IN THE MATTER OF STEPHANIE M. CARTER-GREEN DEPARTMENT OF CORRECTIONS.


On appeal from a Final Administrative Decision of the New Jersey Civil Service Commission, No. 2007-3113.

Per curiam.

NOT FOR PUBLICATION WITHOUT THE APPROVAL OF THE APPELLATE DIVISION

Argued October 6, 2009

Before Judges Wefing and LeWinn.

Stephanie M. Carter-Green appeals from a Final Decision of the Civil Service Commission upholding three disciplinary charges which had been filed against her as well as a ten-day suspension which had been imposed. After reviewing the record in light of the contentions advanced on appeal, we affirm.

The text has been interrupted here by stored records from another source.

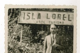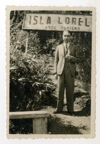 Oscar Castro en Isla Loreley [fotografía]. Puerto Varas, Chile : [Producción no identificada], 1943. 1 fotografía : Monocromo blanco y negro, 5,5 x 8,5 cm. .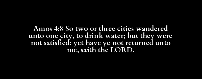 Amos 4:8 So two or three cities wandered unto one city, to drink water; but they were not satisfied: yet have ye not returned unto me, saith the LORD.
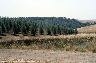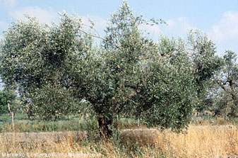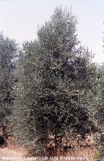 A vederli da lontano sembrerebbe una piantagione di alberi di natale e invece si scopre avvicinandosi che sono olivi sottoposti ad una particolare potatura e ad un sesto d'impianto molto fitto. Il risultato: le piante sono costantemente stressate e ciò è testimoniato dalla rogna che abbonda sui tutti i rami e che esplode ad ogni potatura, potature che possono essere fatte solo da personale specializzato che non si trova con facilità. |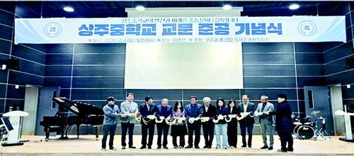 이날 기념식에서는 상주중학교 학생들의 사물놀이 축하공연과 경과보고에 이어 정재주 회장의 축사와 김봉겸 교장의 답사가 진행되었으며, 이후 내빈들이 함께하는 테이프 커팅식을 통해 정문 준공을 축하했다.

Appellant is a corrections officer with the rank of sergeant and is assigned to Albert C. Wagner Youth Correctional Facility. On the evening of July 20, 2006, she became involved in a verbal dispute with another officer when she attempted to borrow a pen. Others became involved in the exchange; language deteriorated and insults were hurled. During the course of this incident, appellant referred to another officer as a "fag" and a "bitch" and made comments to him with sexual overtones. As a result of her language, she was charged with violating N.J.A.C. 4A:2.2.3(a)11, prohibiting discrimination, harassment or a hostile work environment; N.J.A.C. 4A:2-2.3(a)6, conduct unbecoming; and N.J.A.C. 4A:2-2.3(a)11, verbal abuse. The preliminary notice advised her that she faced a possible suspension from duty of ten days.

A hearing was held on these charges before an administrative law judge. Five witnesses testified at this hearing: appellant; the officer to whom she made her remarks which gave rise to the disciplinary action in question; the officer from whom she had initially attempted to borrow a pen and with whom the initial dispute arose; the officer who replaced that individual; and a lieutenant who overheard a portion of the conversation and thought the two were joking with one another. The testimony of these five individuals was conflicting in many regards, and the administrative law judge determined that the most credible testimony was given by the lieutenant. The administrative law judge considered the testimony of the other witnesses to be self-serving.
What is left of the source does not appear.